• Data for the task
= = = = =

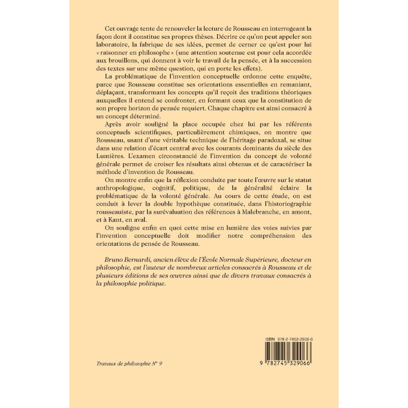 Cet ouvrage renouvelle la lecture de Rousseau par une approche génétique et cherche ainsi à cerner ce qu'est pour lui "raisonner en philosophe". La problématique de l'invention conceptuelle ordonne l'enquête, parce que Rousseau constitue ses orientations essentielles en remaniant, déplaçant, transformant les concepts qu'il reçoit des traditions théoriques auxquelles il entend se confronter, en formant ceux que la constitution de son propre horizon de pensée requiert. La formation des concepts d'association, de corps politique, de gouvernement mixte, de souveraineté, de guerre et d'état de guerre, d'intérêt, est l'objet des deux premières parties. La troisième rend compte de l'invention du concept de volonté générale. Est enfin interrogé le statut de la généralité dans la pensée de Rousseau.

= = = = =

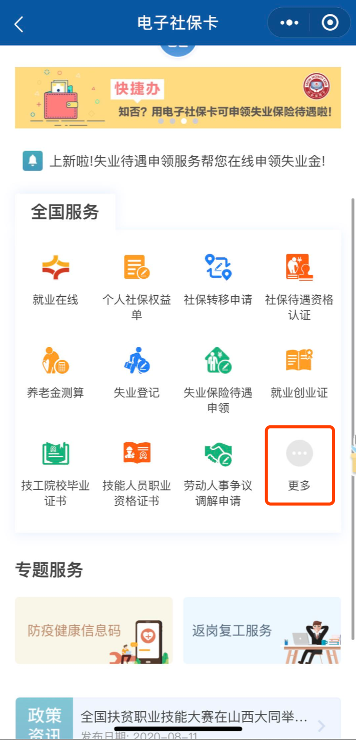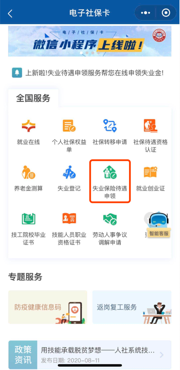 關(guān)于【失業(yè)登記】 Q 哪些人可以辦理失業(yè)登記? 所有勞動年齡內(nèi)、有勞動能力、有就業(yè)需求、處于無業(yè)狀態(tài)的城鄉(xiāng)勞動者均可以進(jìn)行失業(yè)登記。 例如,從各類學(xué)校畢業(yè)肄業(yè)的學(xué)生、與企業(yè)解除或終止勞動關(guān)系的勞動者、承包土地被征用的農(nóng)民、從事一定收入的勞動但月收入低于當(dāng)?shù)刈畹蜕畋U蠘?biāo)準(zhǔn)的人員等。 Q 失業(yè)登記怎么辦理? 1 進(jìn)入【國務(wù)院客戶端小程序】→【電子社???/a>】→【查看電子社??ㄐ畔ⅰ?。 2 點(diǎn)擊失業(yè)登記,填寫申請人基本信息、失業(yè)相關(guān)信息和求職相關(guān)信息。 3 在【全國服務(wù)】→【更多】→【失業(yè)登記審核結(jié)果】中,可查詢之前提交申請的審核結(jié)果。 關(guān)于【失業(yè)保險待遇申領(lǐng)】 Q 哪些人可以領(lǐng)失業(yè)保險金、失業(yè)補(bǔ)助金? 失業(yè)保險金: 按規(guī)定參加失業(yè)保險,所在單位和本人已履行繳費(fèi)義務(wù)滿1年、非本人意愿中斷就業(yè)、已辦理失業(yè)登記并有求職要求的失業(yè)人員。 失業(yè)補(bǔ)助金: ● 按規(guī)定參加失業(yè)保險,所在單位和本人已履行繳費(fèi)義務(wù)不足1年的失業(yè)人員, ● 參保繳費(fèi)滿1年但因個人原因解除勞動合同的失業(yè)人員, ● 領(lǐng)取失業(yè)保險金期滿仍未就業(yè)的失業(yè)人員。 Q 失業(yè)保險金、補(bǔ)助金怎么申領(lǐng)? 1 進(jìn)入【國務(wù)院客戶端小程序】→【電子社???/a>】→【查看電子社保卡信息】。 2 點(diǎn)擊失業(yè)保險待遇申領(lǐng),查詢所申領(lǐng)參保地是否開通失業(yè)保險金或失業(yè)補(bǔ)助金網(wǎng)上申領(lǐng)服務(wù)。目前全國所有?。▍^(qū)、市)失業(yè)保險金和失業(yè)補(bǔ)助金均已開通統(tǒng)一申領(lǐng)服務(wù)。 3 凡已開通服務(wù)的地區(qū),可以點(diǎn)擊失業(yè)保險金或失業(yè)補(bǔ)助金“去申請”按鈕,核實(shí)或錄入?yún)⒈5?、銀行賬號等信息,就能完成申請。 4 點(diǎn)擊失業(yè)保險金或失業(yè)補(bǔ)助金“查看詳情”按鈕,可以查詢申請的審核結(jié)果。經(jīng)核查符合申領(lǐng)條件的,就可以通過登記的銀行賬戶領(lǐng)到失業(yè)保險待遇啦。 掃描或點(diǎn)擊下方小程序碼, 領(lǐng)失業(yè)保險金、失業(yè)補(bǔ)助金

= = = = =

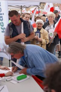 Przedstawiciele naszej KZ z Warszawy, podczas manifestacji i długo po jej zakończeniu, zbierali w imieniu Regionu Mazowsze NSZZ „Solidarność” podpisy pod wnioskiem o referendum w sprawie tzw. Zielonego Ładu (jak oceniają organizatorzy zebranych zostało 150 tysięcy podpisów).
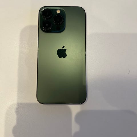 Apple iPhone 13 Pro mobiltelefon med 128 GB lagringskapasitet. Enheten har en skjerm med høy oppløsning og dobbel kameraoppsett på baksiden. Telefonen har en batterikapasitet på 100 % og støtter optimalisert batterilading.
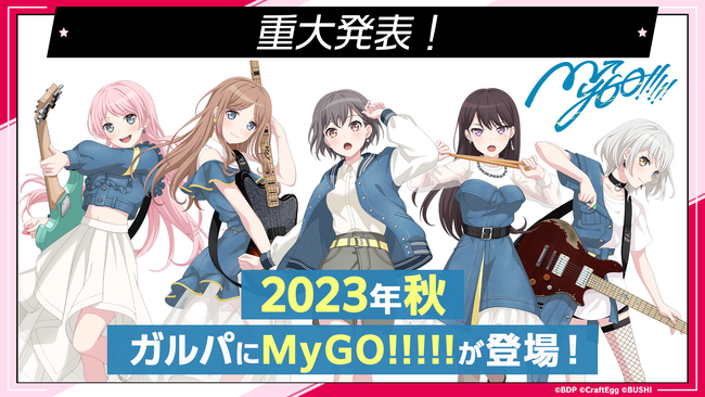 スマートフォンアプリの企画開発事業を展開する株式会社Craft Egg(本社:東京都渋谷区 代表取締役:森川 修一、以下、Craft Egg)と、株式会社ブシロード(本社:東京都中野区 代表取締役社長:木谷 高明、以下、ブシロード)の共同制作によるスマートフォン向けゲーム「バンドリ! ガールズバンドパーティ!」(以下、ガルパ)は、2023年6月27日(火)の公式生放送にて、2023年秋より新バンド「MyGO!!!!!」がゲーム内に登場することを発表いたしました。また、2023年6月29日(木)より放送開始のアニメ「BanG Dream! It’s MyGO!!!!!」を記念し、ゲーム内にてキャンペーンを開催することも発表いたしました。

= = = = =

• What the exercise asks
Above are some records. Reproduce the lines from the one with "Przedstawiciele naszej KZ" down to the one with "スマートフォンアプリの企画開発事業を展開する株式会社Craft Egg(本社:東京都渋谷区 代表取締役:森川", keeping both, and leave every picture out.

• Solution to this task
 Przedstawiciele naszej KZ z Warszawy, podczas manifestacji i długo po jej zakończeniu, zbierali w imieniu Regionu Mazowsze NSZZ „Solidarność” podpisy pod wnioskiem o referendum w sprawie tzw. Zielonego Ładu (jak oceniają organizatorzy zebranych zostało 150 tysięcy podpisów).
 Apple iPhone 13 Pro mobiltelefon med 128 GB lagringskapasitet. Enheten har en skjerm med høy oppløsning og dobbel kameraoppsett på baksiden. Telefonen har en batterikapasitet på 100 % og støtter optimalisert batterilading.
 スマートフォンアプリの企画開発事業を展開する株式会社Craft Egg(本社:東京都渋谷区 代表取締役:森川 修一、以下、Craft Egg)と、株式会社ブシロード(本社:東京都中野区 代表取締役社長:木谷 高明、以下、ブシロード)の共同制作によるスマートフォン向けゲーム「バンドリ! ガールズバンドパーティ!」(以下、ガルパ)は、2023年6月27日(火)の公式生放送にて、2023年秋より新バンド「MyGO!!!!!」がゲーム内に登場することを発表いたしました。また、2023年6月29日(木)より放送開始のアニメ「BanG Dream! It’s MyGO!!!!!」を記念し、ゲーム内にてキャンペーンを開催することも発表いたしました。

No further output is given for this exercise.